By Nanette Newbry, Principal, Creative Director, Studio 2055
Under a tent on a sunny day at the DoubleTree Mission Valley, this month’s SMPS event gave attendees an insider’s view of the ongoing debate regarding the football stadium for the San Diego Chargers.
First, we wish to thank our sponsor for the event, McCullough Landscape Architecture, and yearly sponsors The Daily Transcript, Scantech Inc., and Mike Torrey Photography. As usual, Mike well documented our event. View the photo album on our Facebook page.
Presenter Douglas E. Barnhart, Chairman of Barnhart-Reese, Inc., is a member of the Citizens’ Stadium Advisory Group, an executive task force invited by San Diego Mayor Kevin Faulconer. The following are excerpts from Mr. Barnhart’s presentation:
“I’ve been around San Diego a long time and involved in a lot of high-profile projects, and I guess Kevin believed I could add my experience to the mix. Our group began meeting in mid-January 2015. Final decisions will be announced in June, with a solid recommendation to move ahead.
“Two main directives were assigned to the task force: Determine the site selection (downtown or the current location at Qualcomm stadium) and how to pay for it.
“I was always for the downtown location with all the amenities it has to offer. Now I have changed my mind and it’s going to be at Qualcomm. The number-one reason is about the land. The question that was raised was who owns the land and can we build there? The water department owns the land at Qualcomm stadium, and it would not be too difficult for us to acquire the acreage.
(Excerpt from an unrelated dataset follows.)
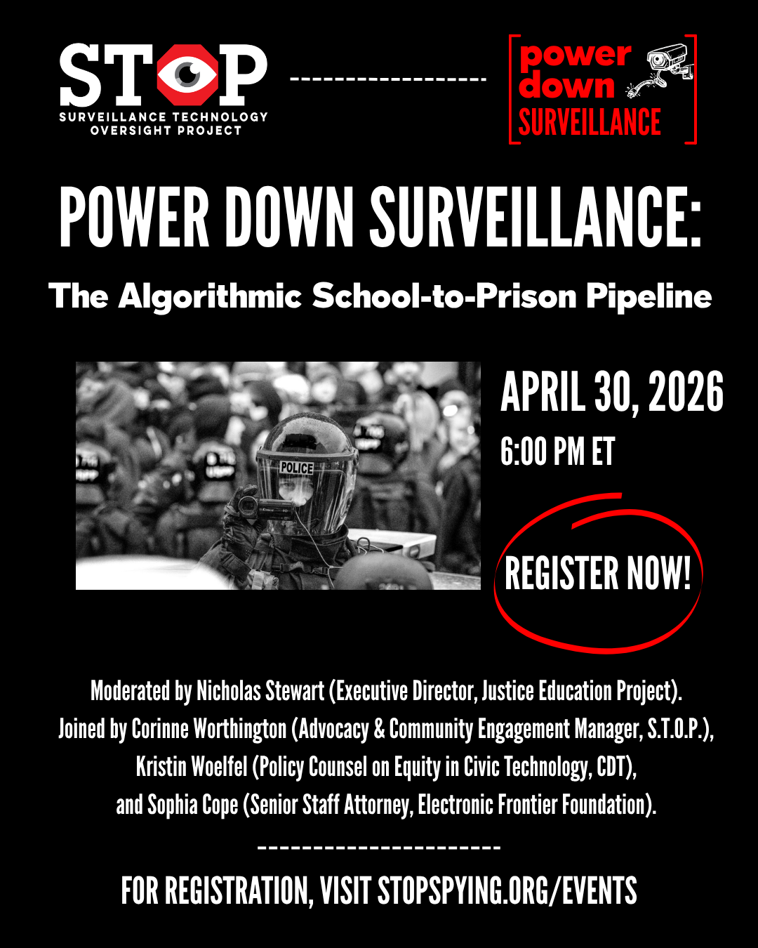 At this pivotal moment in our country, it’s easy to feel overwhelmed and powerless—but there are still many ways to fight back. S.T.O.P.’s Power Down Surveillance event series is here to empower YOU in the era of mass surveillance. Stay tuned for more events from S.T.O.P.!
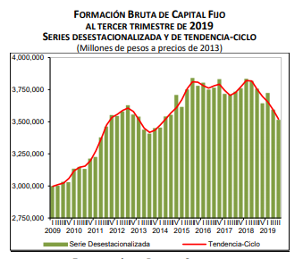 La Oferta Global (igual a la Demanda Global) de Bienes y Servicios a precios corrientes sumó 33,807,394 millones de pesos (33.8 billones de pesos) en el tercer trimestre de 2019.

“Other issues that we discussed were:
- JMI had a proposal to combine the convention center and the new stadium. Convention centers are long-span structures with 80,000 square feet. Stadiums are different animals. The field is only used 25 times a year, but the convention center attracts 200 events a year, so that is not a viable solution.
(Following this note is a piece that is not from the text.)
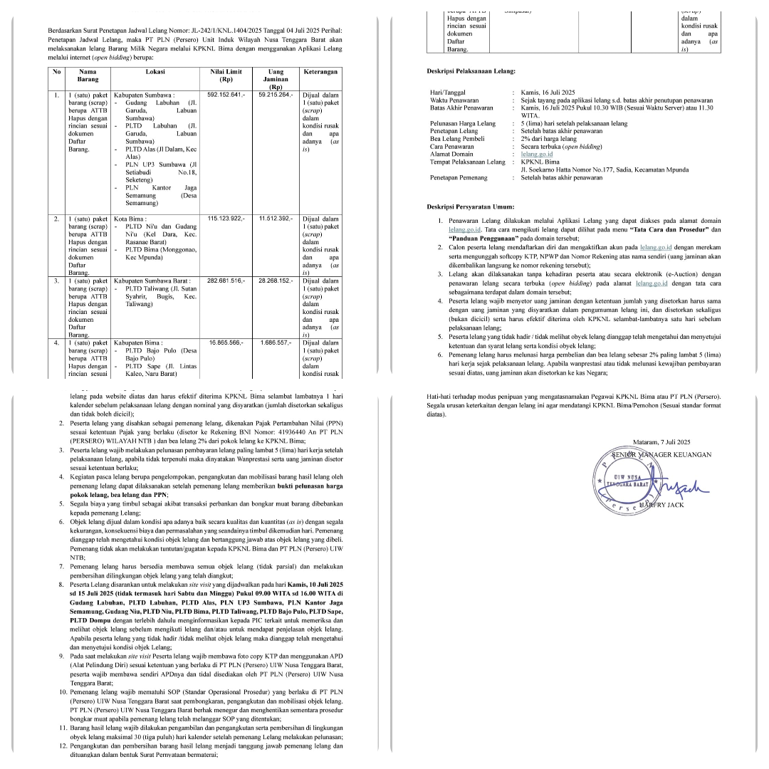 Pengumuman Lelang PT. PLN (Persero) UP3 Bima timlensaposntbJuli 9, 2025Juli 9, 2025229 Dilihat Post Views: 229 Pos terkaitInformasi Pemeliharaan Jaringan PT. PLN (Persero) UP3 Bima, Rabu 22 April 2026SiPropam Polres Bima Kota Gencarkan Sosialisasi Rekrutmen Polri Bersih Lewat Banner dan PamfletPatroli Cipta Kondisi, Koramil 1608-01/ Rasanae Ajak Warga Jaga Keamanan LingkunganIndra Sukma Resmi Pimpin Lapas Khusus Sentul, Karier Melejit dari Rutan Raba hingga LPKA TomohonSiap Berangkat! 221 Jamaah Haji Kota Bima Sudah Terima Seluruh PerlengkapanKoordinator Pengawas SD Monitoring Pelaksanaan TKA di SDN 1 Melayu Kota Bima
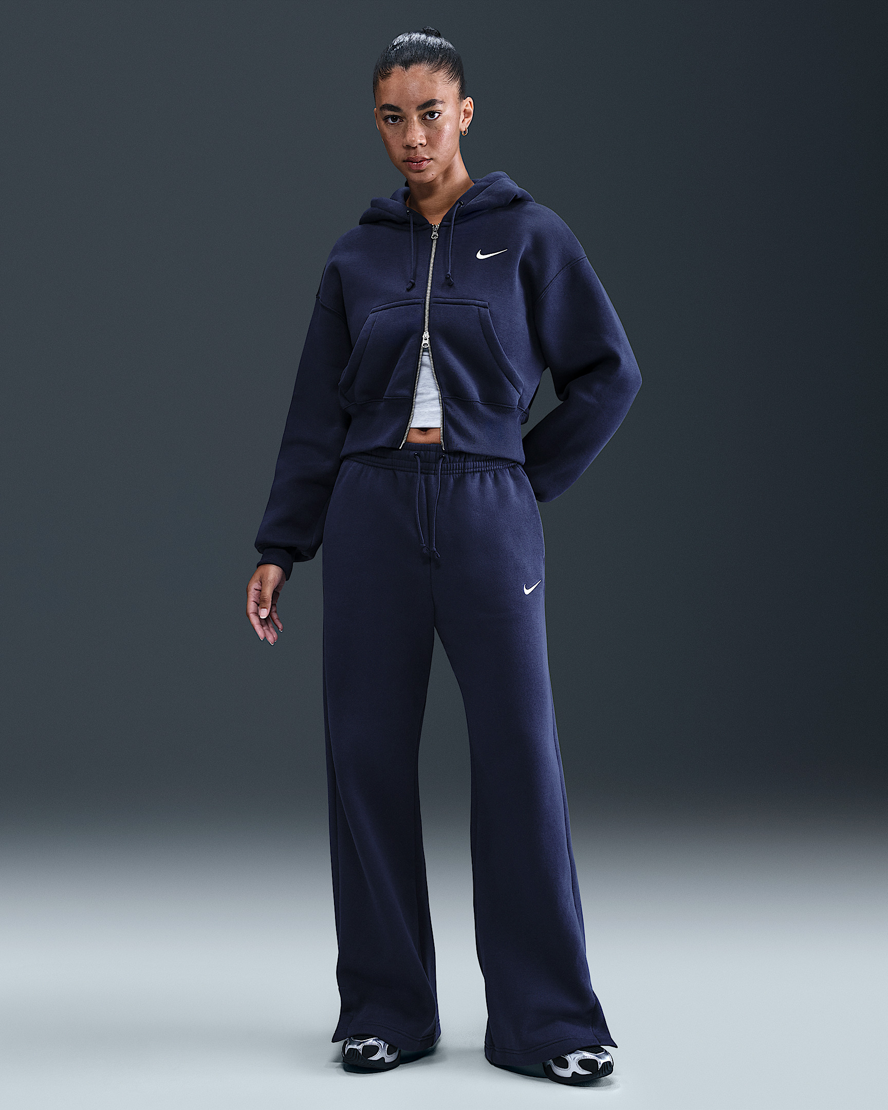 Made with midweight brushed fleece that feels extra soft on the inside and smooth on the outside, these wide-leg pants have an all-day cozy feel. Product Details - 80% cotton/20% polyester - Hand pockets - Side vents - Embroidered Swoosh logo on left thigh - Elastic waistband with drawcord - Machine wash - Imported - Shown: Midnight Navy/Sail - Style: IH1011-410 SIZE & FIT Model is wearing size S and is 5′9″175cm Standard fit: easy and traditional Fl length: hits below ankle

- Tailgating would be very limited at the downtown site.
- There are issues with land at the convention center with regard to the politicians in Sacramento.
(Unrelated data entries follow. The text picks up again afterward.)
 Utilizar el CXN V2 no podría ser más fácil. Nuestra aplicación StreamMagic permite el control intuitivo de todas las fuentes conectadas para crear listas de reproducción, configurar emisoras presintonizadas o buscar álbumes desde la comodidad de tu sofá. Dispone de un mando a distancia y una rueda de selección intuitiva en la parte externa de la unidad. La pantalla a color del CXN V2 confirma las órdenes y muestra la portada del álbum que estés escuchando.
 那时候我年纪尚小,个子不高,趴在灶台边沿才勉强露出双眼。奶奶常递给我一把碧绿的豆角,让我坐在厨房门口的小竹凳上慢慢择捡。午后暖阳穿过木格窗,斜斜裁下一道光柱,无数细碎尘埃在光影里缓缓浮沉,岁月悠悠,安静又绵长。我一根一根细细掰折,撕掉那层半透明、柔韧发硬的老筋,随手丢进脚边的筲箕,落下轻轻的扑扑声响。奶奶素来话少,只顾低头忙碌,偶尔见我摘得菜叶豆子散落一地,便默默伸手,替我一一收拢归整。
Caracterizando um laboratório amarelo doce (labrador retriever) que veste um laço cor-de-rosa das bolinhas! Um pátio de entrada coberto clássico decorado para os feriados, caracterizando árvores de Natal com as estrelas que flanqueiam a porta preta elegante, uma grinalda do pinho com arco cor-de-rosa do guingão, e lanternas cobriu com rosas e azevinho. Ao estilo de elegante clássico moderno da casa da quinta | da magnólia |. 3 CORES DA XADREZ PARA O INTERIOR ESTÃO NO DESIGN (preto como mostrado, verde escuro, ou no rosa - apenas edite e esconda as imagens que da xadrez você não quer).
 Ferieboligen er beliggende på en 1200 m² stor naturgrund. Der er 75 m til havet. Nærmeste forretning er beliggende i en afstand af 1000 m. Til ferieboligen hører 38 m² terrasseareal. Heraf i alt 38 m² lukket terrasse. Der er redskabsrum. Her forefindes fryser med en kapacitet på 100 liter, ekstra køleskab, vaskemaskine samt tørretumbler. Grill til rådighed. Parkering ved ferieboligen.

“Ultimately, the task force decided to go for the Qualcomm site. Yet Qualcomm has its challenges. For instance, how do we get traffic in and out? The current stadium has 8,000 parking spaces and they will need parking for 18,000 cars, and parking structures would definitely need to be included in the project. The cost is anticipated at $850+ million.
“Following the decision, there was a lot of press about the project’s direction. We had a Citizen’s Advisory Group that began discussions in January 2015. 3,000 people attended the public forum and a majority of fans support the Qualcomm location. On March 12, the final location was announced to the public.”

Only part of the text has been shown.